Outwardly, Russia boasts of its high number of minority groups; Putin has pointed to Russia’s multiethnic makeup as being unique in the world. For the 2014 Sochi Winter Olympics, the country’s official posters showed a patchwork quilt that was to represent the country’s diversity, employing traditional patterns from lacework, woodwork and other crafts. Inwardly, however, Russia’s ethnic minorities have been treated like second-class citizens, looked down upon for speaking their own languages and for their non-Slavic appearance and habitually harassed on the street and on public transport.

Perhaps the most noteworthy example of Russia’s behavior as a colonizer can be seen in its wars with Muslim-majority Chechnya, the first from 1994 to 1996 and the second from 1999 to 2009. In the early 1990s, then-President Boris Yeltsin sought to overthrow the leadership of Dzokar Dudaev, who had dared to declare Chechnya’s independence in 1991 as the Soviet Union broke apart. After decimating much of Grozny, the Chechen capital, and tens of thousands of deaths, the Russian government called a ceasefire in 1996. The first Chechen war effectively marked the end of Russia’s liberal experiment.

Then, in 1999, after a series of apartment bombings were blamed on Chechens, Vladimir Putin, who was prime minister at the time, ordered troops into the republic, setting off the second war. It was off the back of this conflict that Putin rose to prominence. Both wars stand out for their brutality, and Russia has used the same playbook in Syria and Ukraine. It has instilled fear in the country’s ethnic minorities; the Russian government has shown what it is capable of and the lengths it will go to in its efforts to prevent regions from breaking away.

The colonialist dynamic is a legacy with roots in tsarist times that has continued, virtually unabated, through to today’s Russia with Putin at the helm. Natalia Arno, president of the Free Russia Foundation, explained that, historically, “there was a deliberate policy to take resources from the regions and redistribute them unevenly to make the regions dependent on the center. It’s a control mechanism that promotes a cycle of loyalty; the more loyal a region is, the more resources it will get.”

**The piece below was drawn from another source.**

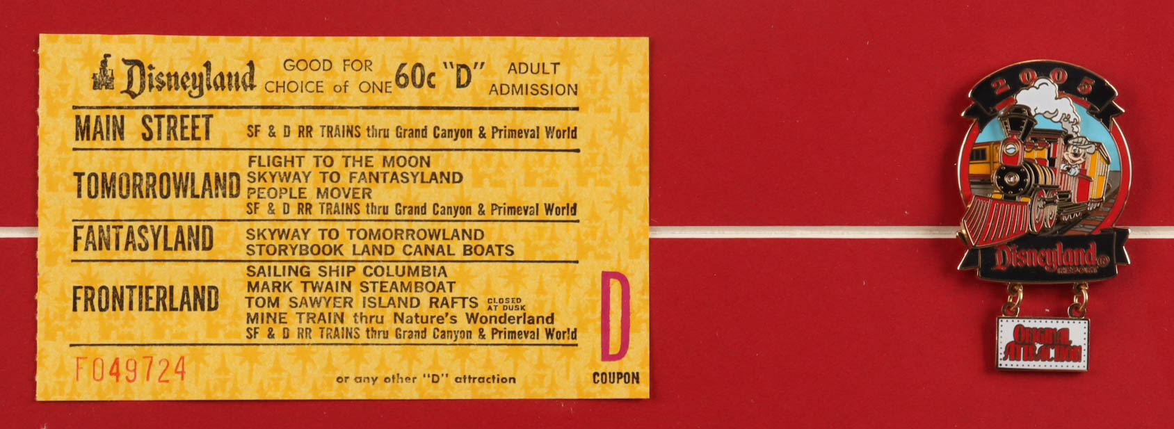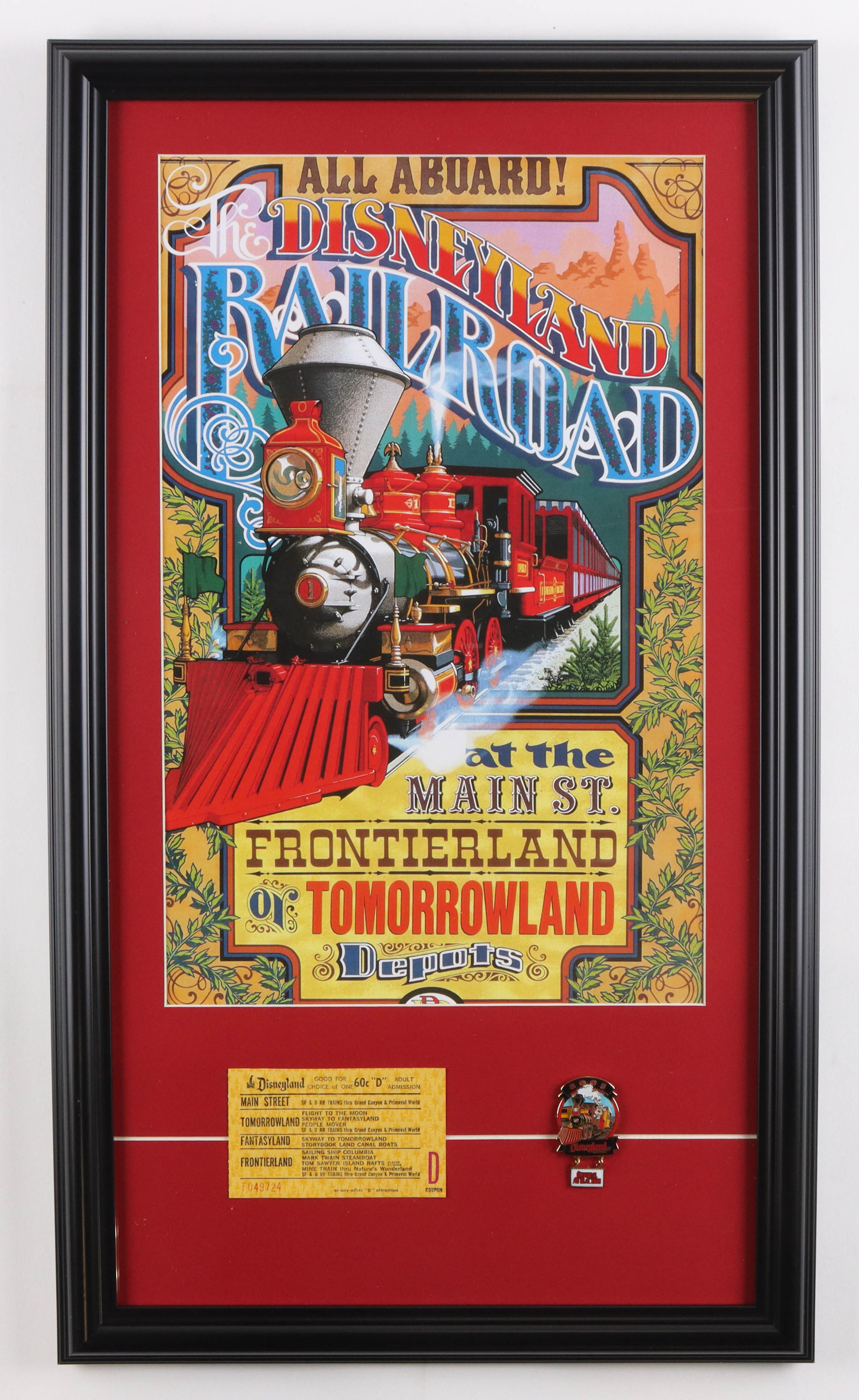 Disney World Railroad Custom Framed Print Display with Vintage Train Ticket & Official Disney Railroad Emblem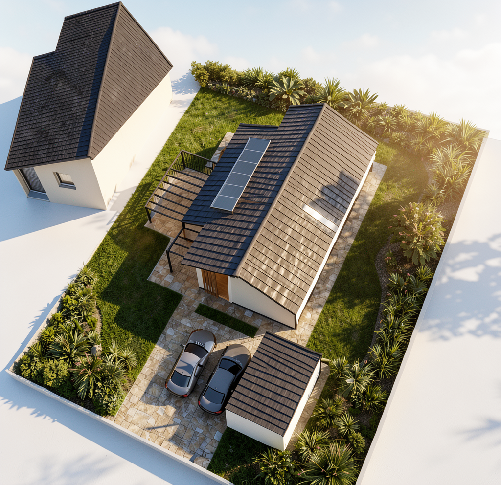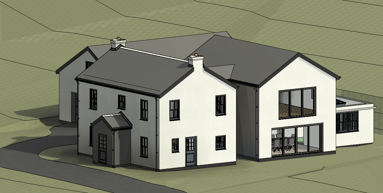 contemporary exterior shot render a beautiful image of a modern farmhouse with crisp white walls and a sleek dark gray roof the windows are framed in elegant black adding contrast and sophistication surround the house with lush green grass and gentle rolling hills under a clear blue sky creating a serene and inviting atmosphere ensure the light captures the texture of the house and landscape offering warmth and clarity to the scene architecture

How this manifests in the world’s largest country by size, across its more than 80 regions, varies. For example, in Tatarstan, located some 500 miles east of Moscow, where approximately half the population is Tatar and Islam is a major faith, the effects of such loyalty are visible. Aida Abdrakhmanova, a deputy prime minister of Independent Tatarstan, a government in exile, explained that behind Kazan’s beautiful architectural facade, “There is a lack of freedom of speech, freedom of religion and the absence of many other freedoms; an absolutely totalitarian regime that is projected onto Tatarstan from Moscow and fully supported by the collaborative authorities of Tatarstan.”

More often, representatives of ethnic movements interviewed for this story highlighted a pattern of disinvestment in the regions.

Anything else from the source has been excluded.